Dunk will remember. The panic has sobered him up enough to convince him of that much.
Working to slide himself out from under the comforting press of a languid Lyonel is a difficult job, made even harder when Lyonel allows his hands to linger upon Dunk’s body until he is out of reach. But after burying the old man, it can barely be considered a hardship to force himself out of the bed of a handsome highborn knight. Dunk is reluctant, yes, but this isn’t his place. Visiting the Baratheon pavilion in the first place had been the idea of a Fossoway squire- Dunk would never have considered it if not for one of higher birth’s prompting.
He sits on the edge of the bed for a moment, watching how Lyonel sinks down into his soft silken bedding embellished by furs, his curls spilling out across the pillow. A night drenched in wine is evident by the speed in which his features slacken upon relaxing, his breaths evening out before Dunk can even lift his weight from the bed. So he waits a little longer. Watches the rise and fall of Lyonel’s bare back, his fingers itching with the foreign craving to touch not for the purpose of desire, but just because Lyonel’s body feels so warm and inviting beneath his hands.
Lyonel is still wearing the skirts he had danced around in, and the part of Dunk which had served as a squire insists that he should rid Lyonel of them so that he may rest in comfort. Good sense prevails though, strongly influenced by Dunk’s ineptitude for anything that borders on sexual, despite the fact that even a minute longer would have likely seen Lyonel divesting them of their garments. It’s easy at this stage for Dunk to curse himself for the pleasure which he’d so readily discarded, yet there’s something strangely intimate about watching Lyonel sleep which Dunk covets even more than Lyonel’s body upon his. Perhaps it is a foolhardy kind of trust, yet it settles soft in Dunk’s heart all the same, held in the same place as the memory of Lyonel’s eyes when he realized he wouldn’t push Dunk any further.
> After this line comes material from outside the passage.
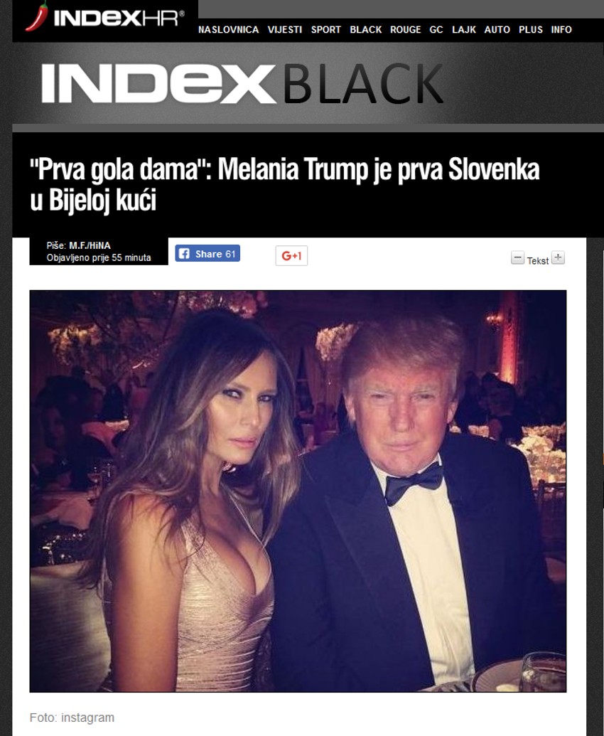 Pa tako Večernji list donosi tekst o putu mlade Slovenke do Bele kuće i kako se Melanija preobrazila u glamuroznog leptira. "Indeks" piše o "Prvoj goloj dami" i prvoj Slovenki u Beloj kući.

Dunk searches for his tunic on the lavish rug, making sure to remove the antlered crown from atop his head in the process. It feels unsettling, casting aside his lordship for the night without seeking riches or rewards. He was allowed to play highborn oh so briefly, and instead of clinging to what power he could, he’d set aside the singular attention of Lyonel Baratheon, just as he sets aside the crown at the foot of the bed. Then he’s pulling the tunic back on over his head and resuming his life as Dunk the Hedge Knight- itself an ill fitting moniker.
Still, it feels better to wear his skin again.
He spares one final glance back to the sleeping Lyonel Baratheon as he stands at the entrance to the pavilion, his eye catching on the glimmer of his earring. His earring which Dunk now knows the feel of upon his fingertips.
It has been a whirlwind night, one which he will not regret, no matter how much shame it may bring his foolish mind.
A night of endless surprises.
They don’t end here. Not when he finally makes his way back to his camp to find a mouthy boy and a shooting star.